## Material for the task
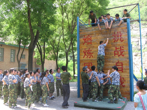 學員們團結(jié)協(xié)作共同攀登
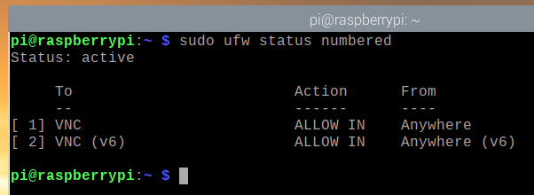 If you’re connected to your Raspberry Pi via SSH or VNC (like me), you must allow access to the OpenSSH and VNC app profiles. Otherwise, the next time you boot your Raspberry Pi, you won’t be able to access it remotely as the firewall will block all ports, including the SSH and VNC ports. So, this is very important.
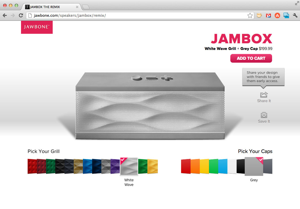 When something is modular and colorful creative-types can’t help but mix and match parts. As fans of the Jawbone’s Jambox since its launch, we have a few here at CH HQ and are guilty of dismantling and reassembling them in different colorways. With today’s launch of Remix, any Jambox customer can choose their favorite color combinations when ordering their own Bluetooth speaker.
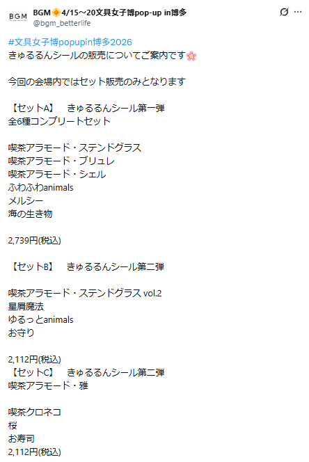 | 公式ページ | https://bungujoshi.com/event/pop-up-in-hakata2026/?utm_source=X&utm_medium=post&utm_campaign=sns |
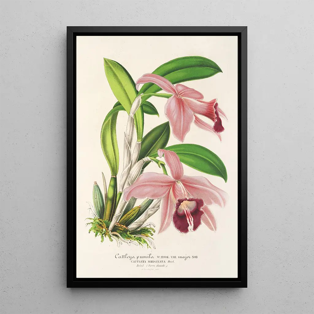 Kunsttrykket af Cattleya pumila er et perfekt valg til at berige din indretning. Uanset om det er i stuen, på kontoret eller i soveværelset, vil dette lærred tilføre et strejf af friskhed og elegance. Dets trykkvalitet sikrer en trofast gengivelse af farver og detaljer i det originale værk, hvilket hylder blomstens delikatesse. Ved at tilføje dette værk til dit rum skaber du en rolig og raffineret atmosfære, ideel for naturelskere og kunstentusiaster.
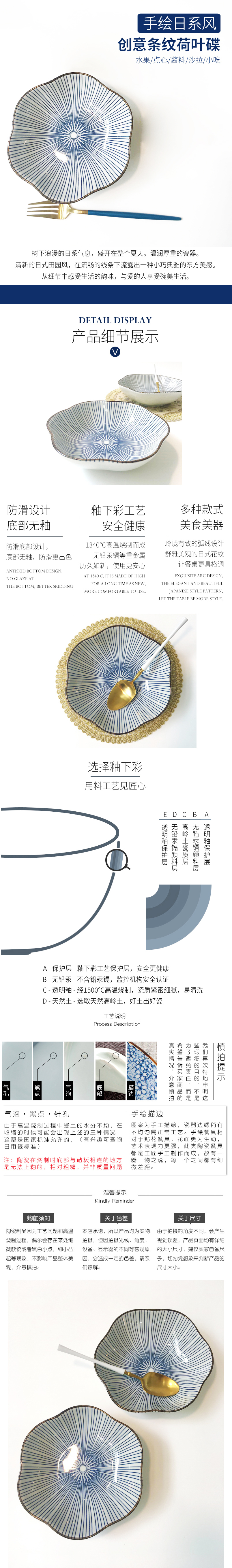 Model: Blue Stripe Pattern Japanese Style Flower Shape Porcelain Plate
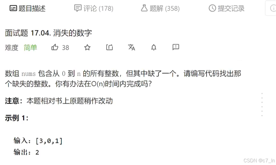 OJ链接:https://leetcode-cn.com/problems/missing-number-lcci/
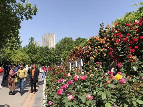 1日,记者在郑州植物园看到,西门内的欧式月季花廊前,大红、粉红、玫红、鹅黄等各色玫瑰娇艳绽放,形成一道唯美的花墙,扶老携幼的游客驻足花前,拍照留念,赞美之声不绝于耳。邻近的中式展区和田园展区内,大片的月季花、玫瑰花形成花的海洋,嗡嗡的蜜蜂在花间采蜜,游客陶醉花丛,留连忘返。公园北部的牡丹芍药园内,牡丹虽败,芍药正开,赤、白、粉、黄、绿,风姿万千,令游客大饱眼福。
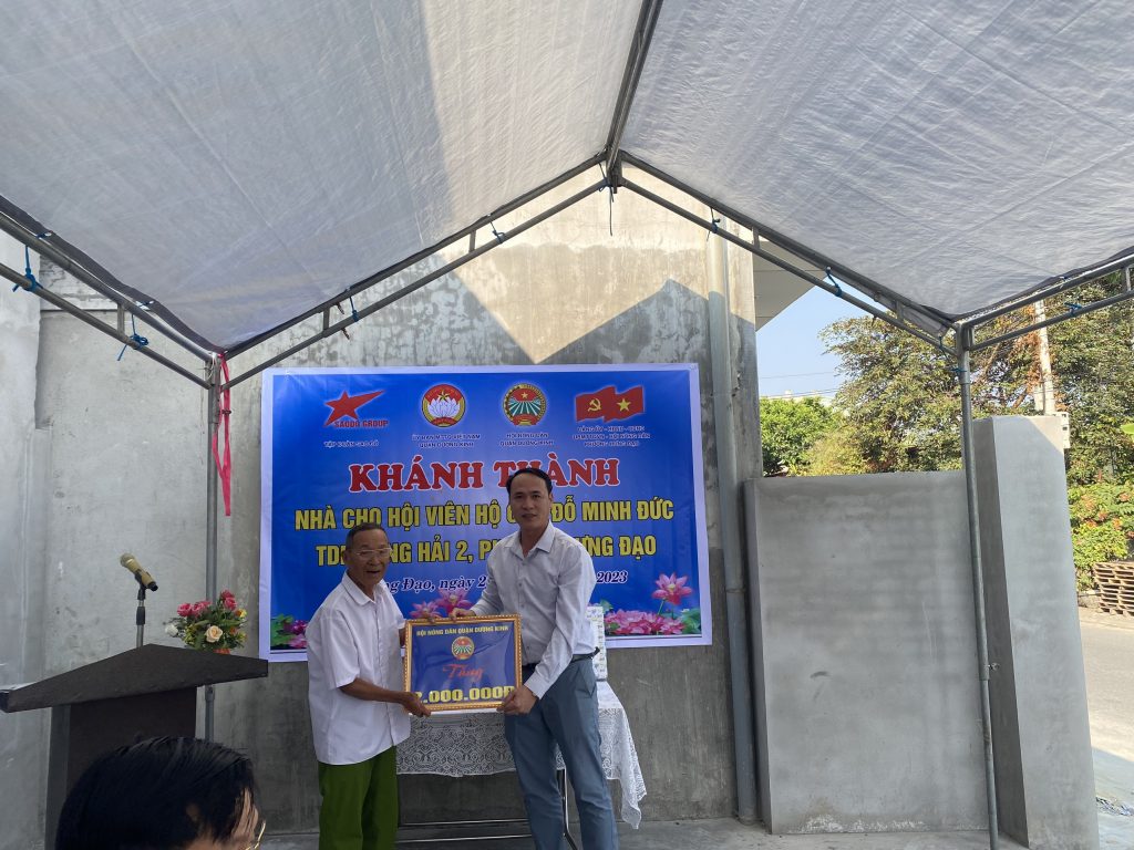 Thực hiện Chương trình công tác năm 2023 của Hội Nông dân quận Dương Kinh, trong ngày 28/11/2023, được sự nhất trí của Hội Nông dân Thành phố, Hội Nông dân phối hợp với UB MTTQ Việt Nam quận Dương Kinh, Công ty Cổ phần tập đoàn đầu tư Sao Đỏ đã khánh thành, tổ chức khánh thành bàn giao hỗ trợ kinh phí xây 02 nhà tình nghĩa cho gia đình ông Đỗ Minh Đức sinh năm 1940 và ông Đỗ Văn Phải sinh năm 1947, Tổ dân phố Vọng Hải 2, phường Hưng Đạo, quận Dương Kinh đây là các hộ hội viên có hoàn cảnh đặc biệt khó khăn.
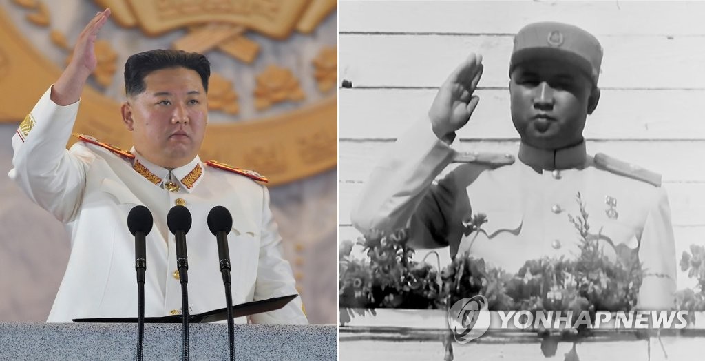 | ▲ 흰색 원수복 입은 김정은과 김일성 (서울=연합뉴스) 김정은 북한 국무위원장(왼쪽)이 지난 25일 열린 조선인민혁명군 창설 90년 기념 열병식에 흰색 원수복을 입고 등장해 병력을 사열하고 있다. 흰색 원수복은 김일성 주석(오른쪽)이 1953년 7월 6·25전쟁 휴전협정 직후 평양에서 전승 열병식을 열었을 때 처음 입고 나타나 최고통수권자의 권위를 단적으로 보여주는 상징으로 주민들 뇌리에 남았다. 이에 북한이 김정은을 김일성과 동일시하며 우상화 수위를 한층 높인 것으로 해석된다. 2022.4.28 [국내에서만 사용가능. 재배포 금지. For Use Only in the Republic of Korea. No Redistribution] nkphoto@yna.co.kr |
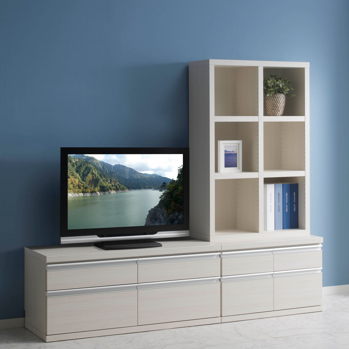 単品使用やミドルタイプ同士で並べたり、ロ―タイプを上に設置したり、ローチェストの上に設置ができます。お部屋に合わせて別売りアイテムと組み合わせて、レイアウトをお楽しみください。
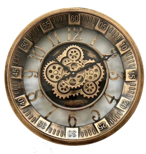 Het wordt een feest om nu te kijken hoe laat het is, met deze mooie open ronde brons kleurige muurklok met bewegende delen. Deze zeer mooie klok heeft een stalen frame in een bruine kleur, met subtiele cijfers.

...

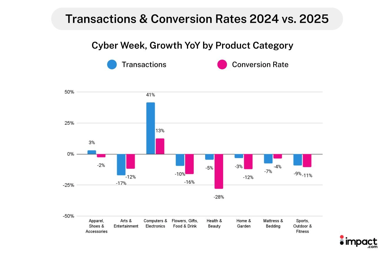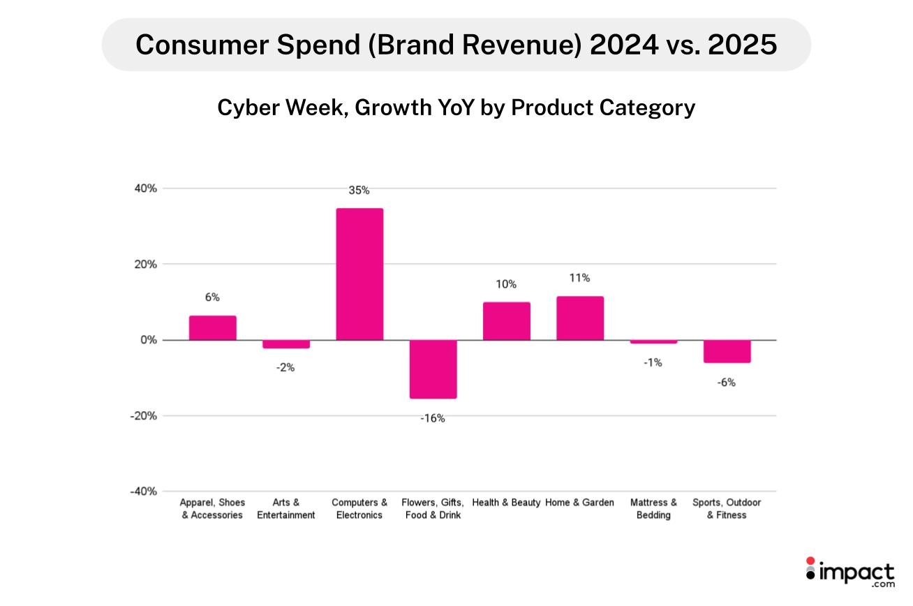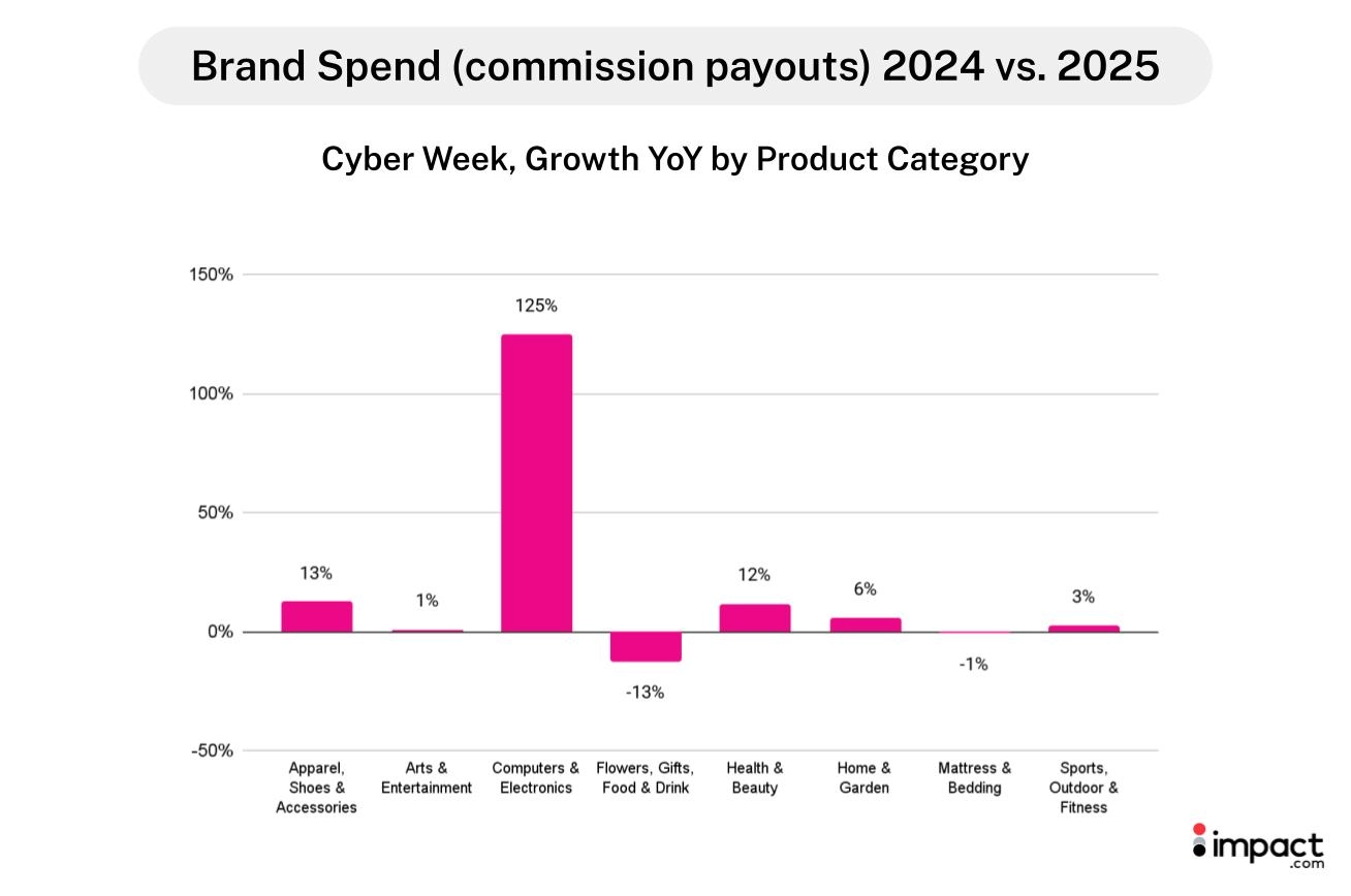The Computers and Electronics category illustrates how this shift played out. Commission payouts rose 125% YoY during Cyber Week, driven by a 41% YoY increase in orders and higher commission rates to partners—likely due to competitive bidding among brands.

## Task prompt
When you reach the line holding "學員們團結(jié)協(xié)作共同攀登" in the listing above, begin retyping exactly, and stop once the line holding "1日,记者在郑州植物园看到,西门内的欧式" is done; pictures stay out.

## Answer area
 學員們團結(jié)協(xié)作共同攀登
 If you’re connected to your Raspberry Pi via SSH or VNC (like me), you must allow access to the OpenSSH and VNC app profiles. Otherwise, the next time you boot your Raspberry Pi, you won’t be able to access it remotely as the firewall will block all ports, including the SSH and VNC ports. So, this is very important.
 When something is modular and colorful creative-types can’t help but mix and match parts. As fans of the Jawbone’s Jambox since its launch, we have a few here at CH HQ and are guilty of dismantling and reassembling them in different colorways. With today’s launch of Remix, any Jambox customer can choose their favorite color combinations when ordering their own Bluetooth speaker.
 | 公式ページ | https://bungujoshi.com/event/pop-up-in-hakata2026/?utm_source=X&utm_medium=post&utm_campaign=sns |
 Kunsttrykket af Cattleya pumila er et perfekt valg til at berige din indretning. Uanset om det er i stuen, på kontoret eller i soveværelset, vil dette lærred tilføre et strejf af friskhed og elegance. Dets trykkvalitet sikrer en trofast gengivelse af farver og detaljer i det originale værk, hvilket hylder blomstens delikatesse. Ved at tilføje dette værk til dit rum skaber du en rolig og raffineret atmosfære, ideel for naturelskere og kunstentusiaster.
 Model: Blue Stripe Pattern Japanese Style Flower Shape Porcelain Plate
 OJ链接:https://leetcode-cn.com/problems/missing-number-lcci/
 1日,记者在郑州植物园看到,西门内的欧式月季花廊前,大红、粉红、玫红、鹅黄等各色玫瑰娇艳绽放,形成一道唯美的花墙,扶老携幼的游客驻足花前,拍照留念,赞美之声不绝于耳。邻近的中式展区和田园展区内,大片的月季花、玫瑰花形成花的海洋,嗡嗡的蜜蜂在花间采蜜,游客陶醉花丛,留连忘返。公园北部的牡丹芍药园内,牡丹虽败,芍药正开,赤、白、粉、黄、绿,风姿万千,令游客大饱眼福。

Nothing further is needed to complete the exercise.